A violent career criminal has allegedly slashed a stranger in the face on the subway.
The incident happened on Sunday after he was released without bail for a similar attack on a woman in Brooklyn, Fox News Digital has learned.
Brendan Dowling, 40, allegedly walked up to a 41-year-old man sitting on the J train and sliced open his face at about 8:30 a.m. March 6, as the subway car neared the Lower East Side station.
It was Dowling’s sixth arrest since he was released without bail in October after pleading guilty to attempted assault for slashing a woman in the head in Dec. 2020 in downtown Brooklyn, according to police and prosecutors.
It wasn’t immediately clear why he was sprung from jail on the Brooklyn case, but he faces a mandatory minimum of 3 ½ years in prison when he’s sentenced, court records show.
At Dowling’s arraignment Monday in Manhattan criminal court, he was ordered held on $50,000 cash over $150,000 bond on charges of first-degree attempted assault and second-degree assault.
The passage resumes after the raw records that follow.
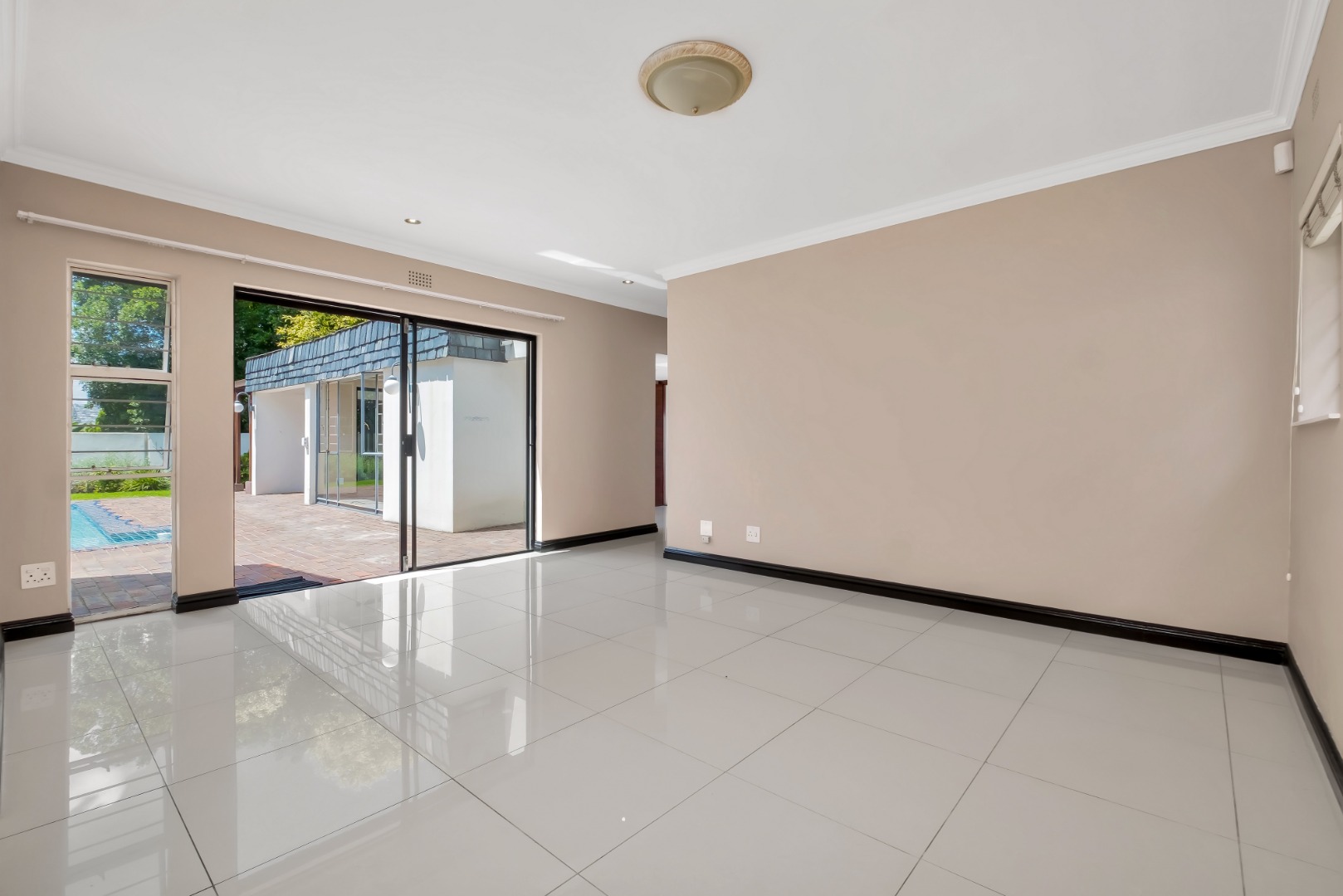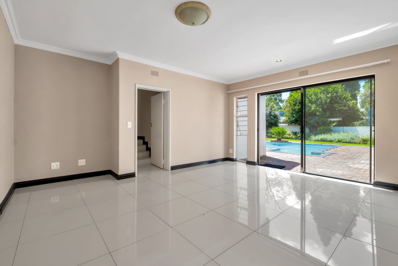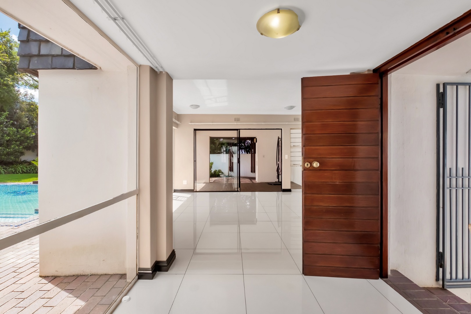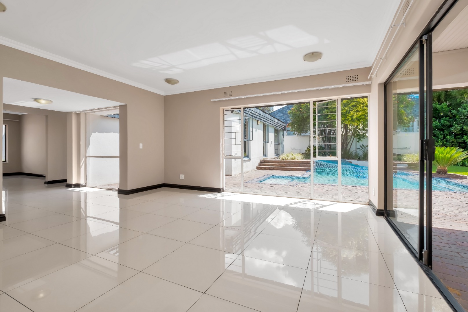 Two light and spacious living areas overlook the well-manicured private garden, good-sized sparkling pool and covered patio with built-in gas braai.
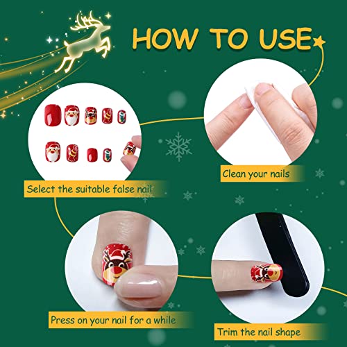 Dimensioni Varie: Ogni scatola di unghie finte Natale contiene 12 diverse dimensioni di punte per unghie finte colorate con 2 pezzi di ogni dimensione, adatte a ragazze di età superiore a 5 anni e alla maggior parte delle unghie dei bambini.
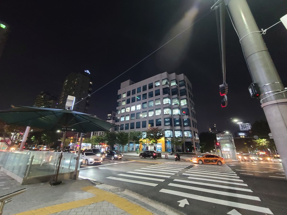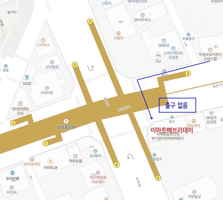 삼성중앙역 1번 출구쪽에서 찍은 사진입니다. 그런데 이 사진을 보시면 알겠지만 대로가 좀 넓습니다. 과연 삼성중앙역 1번, 2번 출구쪽에 사는 사람이 저기까지 뭔가를 사러 갈 것인지 생각해봐야 할 문제입니다.
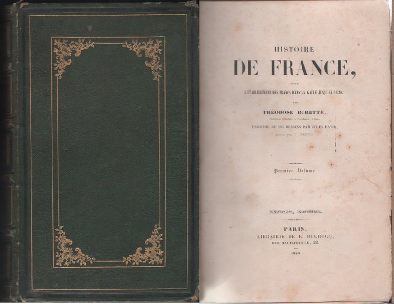 rilegato in pieno cuoio verde scuro con titoli in oro ai piatti e al dorso, quattro nervi al dorso, tagli dorati, 17,5x27 cm ca., 630 pp., con 500 incisioni di Jules David, nel testo e fuori testo, quelle ft su carta più pesante e protette da velina.
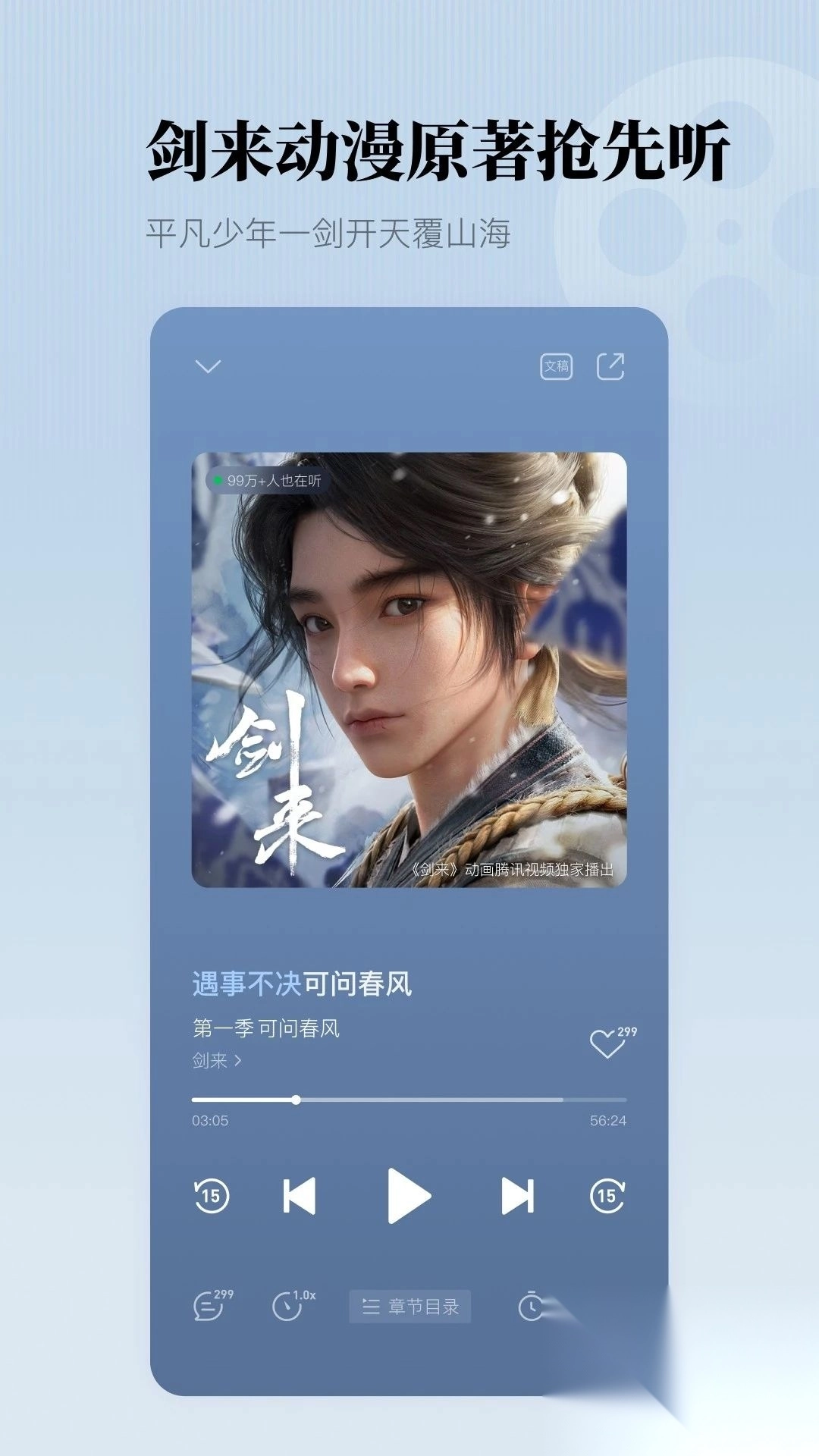 快来懒人听书抢先收听动漫《仙逆》《剑来》以及影视《雁回时》《凡人修仙传》的原著,直达精彩大结局!
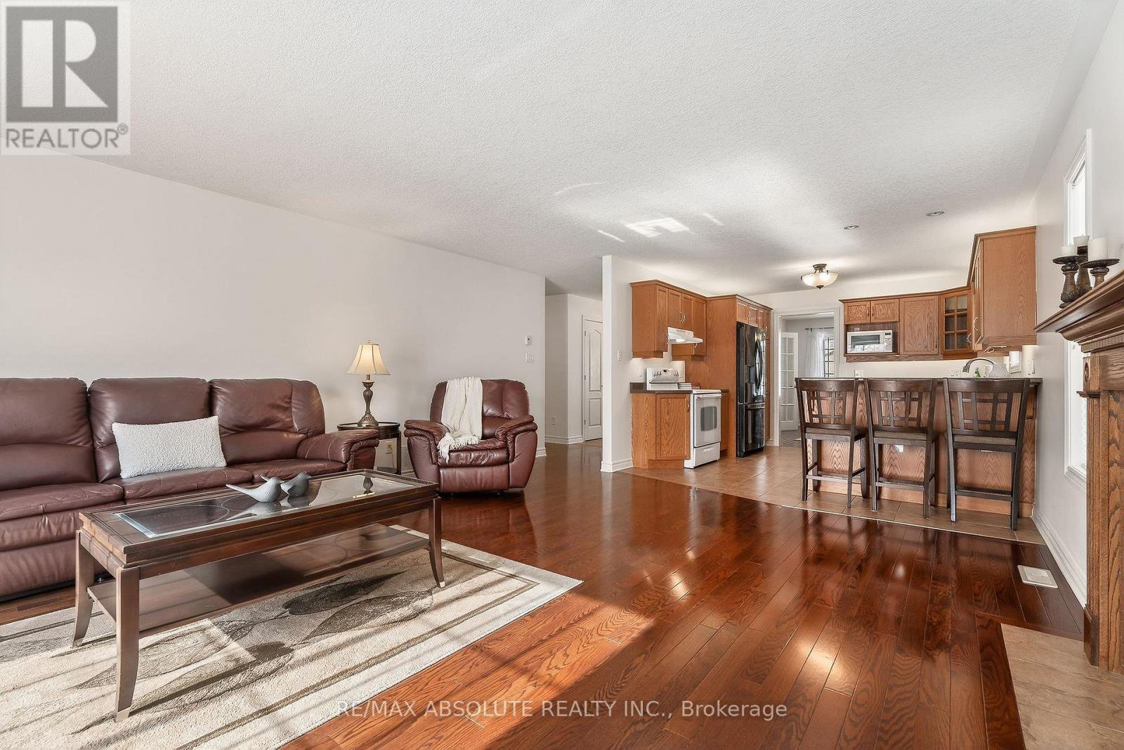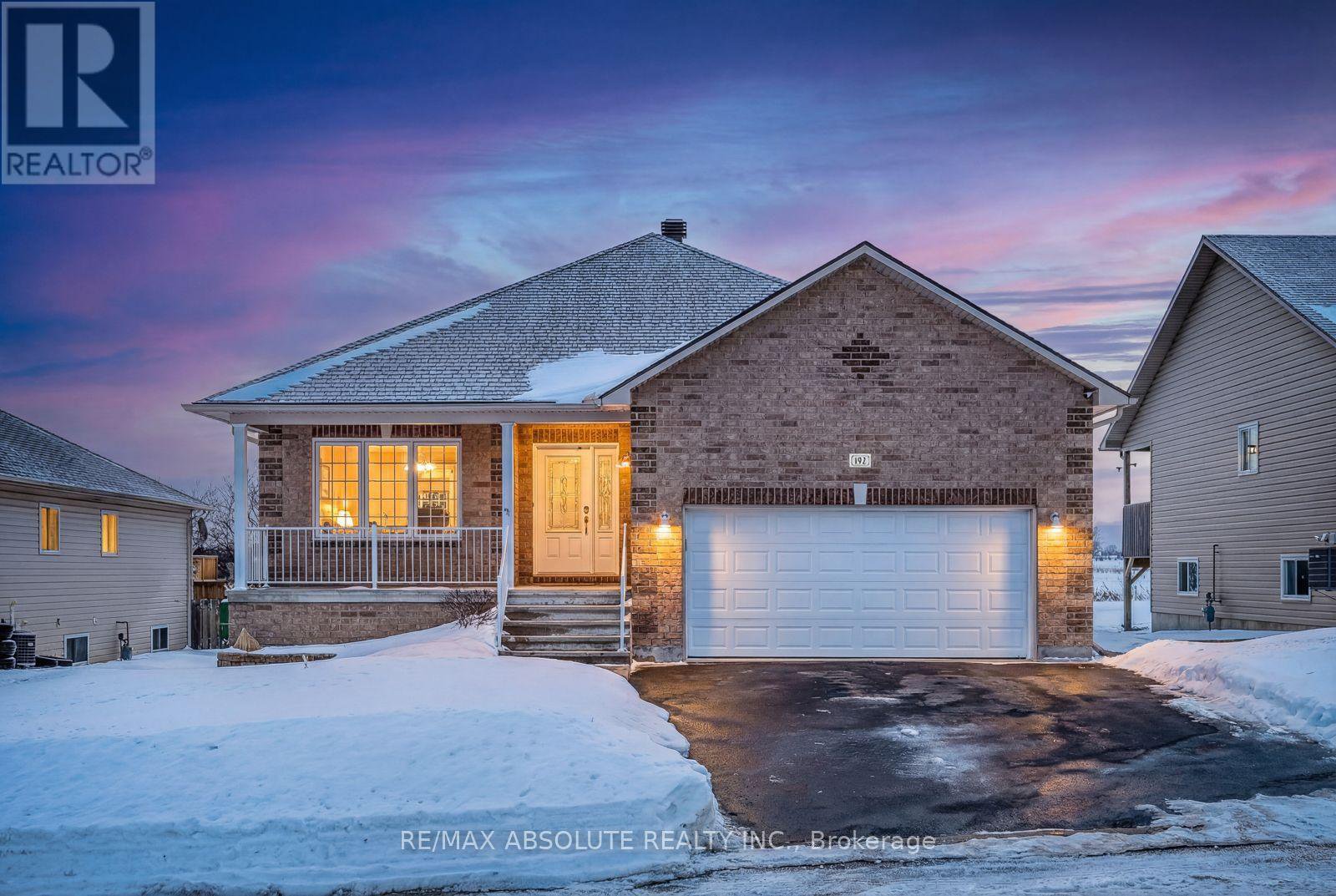 OPEN HOUSE FRI 5-7PM//SPOTLESS living in Almonte! This bungalow has NO rear neighbours & is walking distance to the amazing Historical Almonte Main Street!! GREAT curb appeal, FULL brick front! The grass is PERFECT as it's been incredibly maintained by the original owner, pride of ownership prevails inside & out! The lot is over 60 feet wide x 129 feet deep! The driveway can accommodate 4 cars & the 2 car garage can actually fit 2 cars! There is a covered front porch that will allow for good size comfortable chairs. Square footage is APPROXIMATELY 2500 that includes main & lower level! Spacious entry, there is PLENTY of room for a bench! Open concept living! ! The kitchen offers shaker style cabinets, the interiors are in brand new condition so you could paint the cabinets if the wood grain is not to your liking! There are 2 fireplaces in this home, one in the living room & one in the lower level family room! Good size primary, oversized walk in closet for the scale of the home. ALL 3 bathrooms have shower / tub inserts allowing for easy maintenance, 2 of the 3 are STEP in showers & the main bath offers a tub! Laundry on the main floor. FULLY finished lower level with 3 EGRESS windows, allowing for ample natural light, HEATED floors throughout (rare feature), a 3rd LEGAL bedroom & a FULL bath! TONS of storage including a workbench. The backyard is SOUTH facing, the lot has a pretty tree line at the back & offers a large deck! ROOF 2025
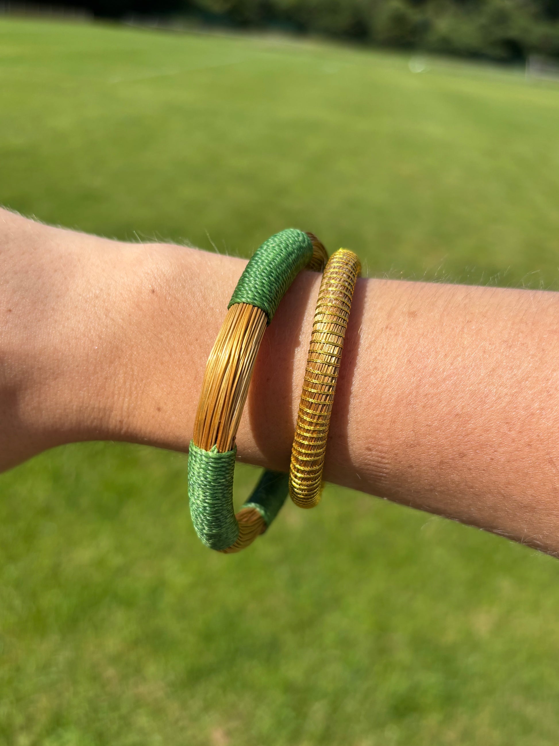 Mit seinem satten Grün erinnert der Folha Armreif an frisches Laub und Naturverbundenheit. Die Kombination aus Goldgras und grünem Garn verleiht dem Accessoire einen erdigen, ruhigen Charakter – perfekt für alle, die dezente Farben lieben.
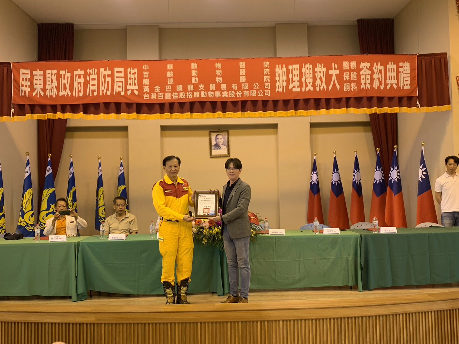 屏縣府消防局於113年4月8日10時30分,在消防局5樓禮堂,由屏東縣獸醫師公會前理事長郭永裕及與會貴賓見證下,縣府消防局與台灣百靈佳殷格翰動物事業股份有限公司、黃金巴頓寵支貿易有限公司及中華、百齡、龍德三家動物醫院完成簽約典禮儀式。
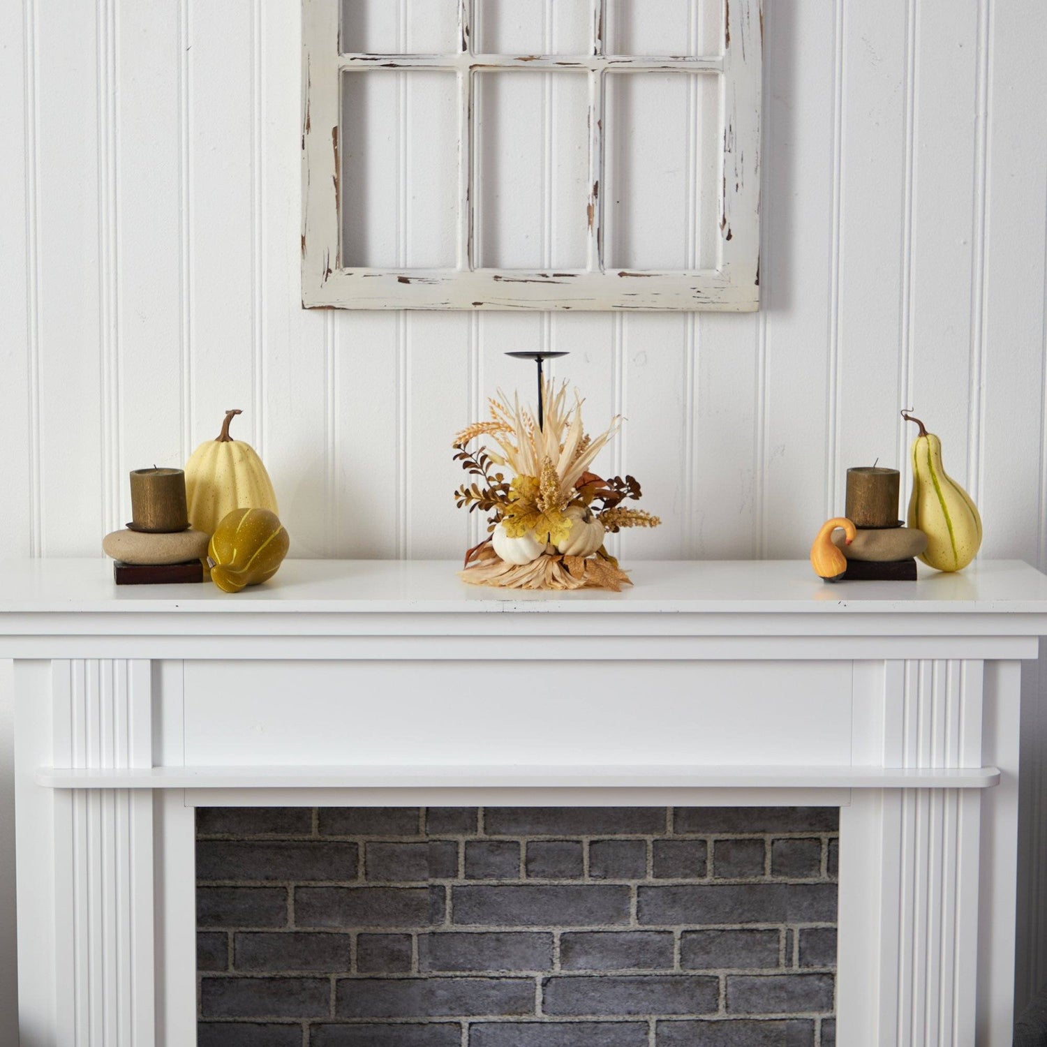 Set the scene during Thanksgiving with an Autumn Harvest and Pumpkin Candle Holder. For those cozy nights in, feel a little warmer by lighting your favorite candle and create an intimate setting, similar to a restaurant. Inspired by nature, harvest favorites such as fall foliage inspired maple leaves and wheat grass accent the pumpkins. With a height of 12", add to any table that needs a little light. Perfect during the fall months.

Manhattan prosecutors said they were probing whether the slashing was motivated by anti-Asian bias. It was the latest in a string of vicious assaults on straphangers.
Transit crimes surged 184% from Feb. 28 to March 6 compared to the same period in 2021, according to newly released data from New York Police Department. In the prior week, subway crime had surged 205% compared to the same period in 2021.
Fox News Digital was the first to report that anti-Asian hate crime complaints had skyrocketed by a staggering 343% from 2020 to 2021.
Another man, Denzel Hodge, was nabbed March 4 in Brooklyn and held without bail for allegedly stabbing two subway riders in separate incidents and assaulting a third person.
He is accused of plunging a knife into the back of a 77-year-old woman at about 8:10 a.m. March 1 in Cypress Hills Brooklyn in an unprovoked attack. Last month, he allegedly punched a 20-year-old woman in the head then stabbed her repeatedly in the stomach at a different Brooklyn subway station.
Last weekend at least seven straphangers were assaulted, including a man who narrowly escaped an assailant swinging an ax, according to the New York Post.
The spike in subway violence comes after Mayor Eric Adams launched a program on Feb. 21 to remove the mentally ill and homeless from the transit system and connect them with services.
During a press conference announcing the Subway Safety Plan, he acknowledged that many New Yorkers no longer feel safe on the subway.
“We are going to ensure that fear is not New York’s reality,” Adams said.
Attorneys for Dowling and Hodge didn’t immediately return requests for comment.